Springing from the bed, she tried the other door of her room, which was level with the wainscoting, and not readily observed by a person unfamiliar with the house. It yielded to her hand, and she knew there was a whole suite of empty rooms thus communicating with one another. It was one of those summer nights that are never absolutely dark, and there was a full moon, so that she had light enough to throw off her conspicuous white habit, all scorched and singed as it was, and to put on her dark blue cloth one, with her camlet cloak and hood. She made up a small bundle of clothes, took her purse, which was well filled with guineas and silver, and moved softly to the door.
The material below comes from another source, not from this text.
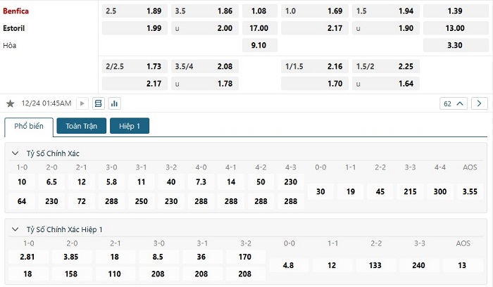 Soi kèo châu Á, kèo chấp Benfica vs Estoril

Hide and seek had taught her all the modes of eluding observation, and with her walking shoes in her hand, and her feet slippered, she noiselessly crept through one empty room after another, and descended the stair into her own lobby, where she knew how to open the sash door.
One moment the thought that Mr. Belamour would protect her made her pause, but the white phantom she had seen seemed more unreal than the voice she was accustomed to, and both alike had vanished and abandoned her to her fate. Nay, she had been cheated from the first. Everything had given way with her. My Lady might be coming to send her to prison. Hark, some one was coming! She darted out, down the steps, along the path like a wild bird from a cage.